エリヤフ氏は、対パレスチナ強硬派の極右政党「ユダヤの力」党員。ネタニヤフ首相は「現実とかけ離れている」と否定する声明を発表したが、周辺のアラブ・イスラム諸国から非難の声が相次いだ。
◆忘れられない地獄
被爆者はどう感じたか。
「核兵器の怖さを知らないからそんなことが言える。使うぞ使うぞと威嚇し、誰の何のための戦いか」と憤るのは、日本原水爆被害者団体協議会事務局次長の児玉三智子さん(85)=千葉県市川市=だ。
国民学校に通っていた7歳の時、広島の爆心地から3.5キロで被爆。
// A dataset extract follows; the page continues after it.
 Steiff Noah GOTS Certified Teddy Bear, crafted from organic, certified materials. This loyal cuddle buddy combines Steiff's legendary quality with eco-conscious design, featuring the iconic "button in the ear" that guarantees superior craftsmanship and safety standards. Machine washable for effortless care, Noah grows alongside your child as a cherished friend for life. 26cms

木造建て校舎の1階にいて強烈な光に襲われ、爆風でガラスが吹き飛んだ。心配になって迎えに来た父と自宅に帰る際、「忘れられない地獄を見た」。
目の玉が飛び出た人、真っ黒な塊になった子どもを抱きかかえる人、そして、自身と同じぐらいの年代の女の子が児玉さんを見たすがるような目。「新聞やテレビに映る戦火の子どもたちの目が、あの時の女の子と重なって身体が凍る。どうして罪もない人たちがこんな目に…」。78年前に感じた思いが再び交錯する。
父や母、2人の弟をがんで亡くした。婚約者の親戚に「被爆者の血を入れることはできない」と差別され、破談になったこともある。2011年にがんで亡くした娘=当時(45)=から、「なぜ私ががんに!」と言われたことは生涯忘れられない。
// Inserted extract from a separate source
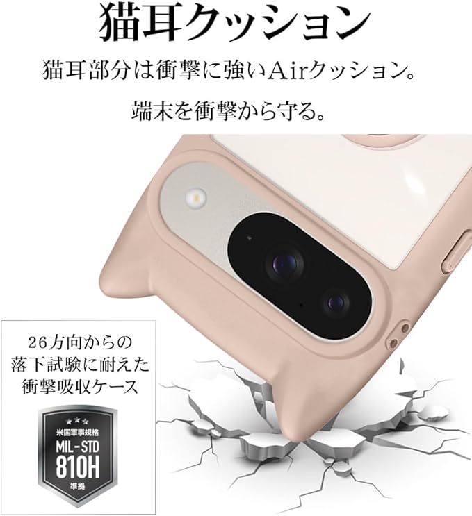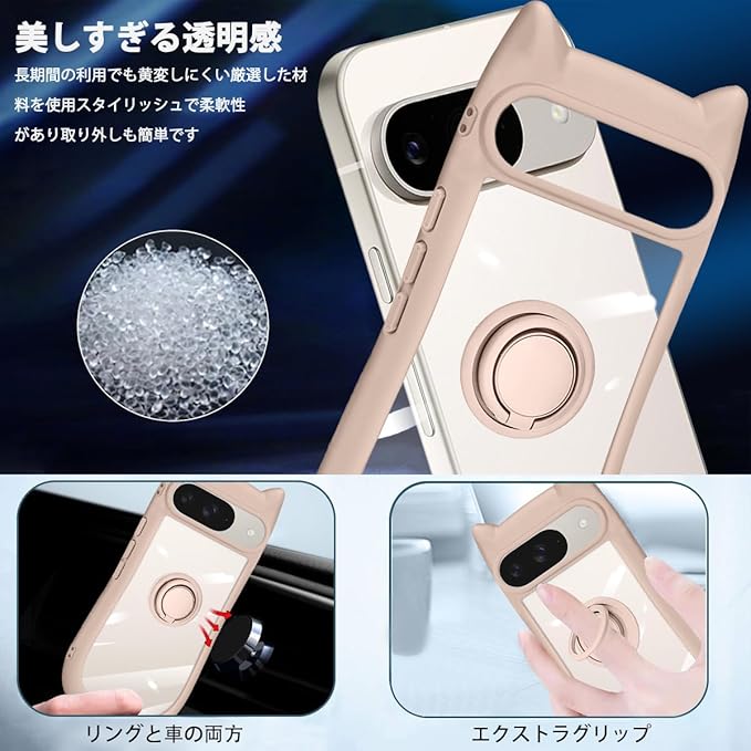 Google Pixel 9/9 Pro 用 ケース クリア カバー 猫耳 リング付き リングホルダ かわいい おしゃれ スタンド付き ストラップホール ピクセル9/9プロ スマホケース 多機能 全面保護 落下防止(ピンク)

「ひとたび放射能を浴びれば、死ぬまで被爆者。心の痛み、差別も全て連鎖して引き継がれる。だからイスラエルの閣僚の発言は、許してはならない」と言葉は止まらない。
◆「全てを消滅させるものなのに…」
その思いは長崎で被爆した長崎県平和運動センター被爆者連絡協議会の川野浩一議長(83)も同じだ。「原爆は普通の爆弾と違い、将来にわたり全てを奪う非人道的なものの極致。とんでもない話だ」と、憤りを超えた悲しみに沈む。
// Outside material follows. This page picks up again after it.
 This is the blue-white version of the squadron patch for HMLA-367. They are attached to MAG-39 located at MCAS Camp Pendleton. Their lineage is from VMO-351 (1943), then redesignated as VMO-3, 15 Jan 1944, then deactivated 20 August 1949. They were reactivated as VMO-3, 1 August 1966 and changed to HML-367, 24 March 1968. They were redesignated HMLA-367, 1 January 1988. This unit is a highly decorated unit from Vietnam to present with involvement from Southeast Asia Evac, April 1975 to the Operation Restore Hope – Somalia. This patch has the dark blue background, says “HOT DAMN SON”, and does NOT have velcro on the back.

5歳の時、爆心地から約3キロで被爆。「ピカッとした光もドンという音も記憶がない。気付いたら10メートル吹き飛ばされ、地面にたたきつけられていた」。意識を取り戻し防空壕ごうに逃げると、祖母に「外は幽霊の行列だ」と聞かされた。「手を前に出し、皮膚の皮がむけた人間がぞろぞろさまよっていた」と。
子どものころから身体が弱く、やせていた。30歳ごろまで、なぜかよく鼻血が出た。15年ごろ、食道がんと宣告され、原爆症に認定された。核兵器のむごさを身をもって感じてきただけに、今回の発言は理解できない。
「被爆の実態を知らな過ぎる。威力がやや強い大きめの爆弾ぐらいにしか考えていない。全てを消滅させるものなのに…」
◆イスラエルでも核廃絶を訴えてきた
被爆者は「ノー・モア・ヒバクシャ」を掲げ、世界中で体験を語ってきた。イスラエルにも2012年9月、非政府組織(NGO)の「ピースボート」が被爆者4人を派遣している。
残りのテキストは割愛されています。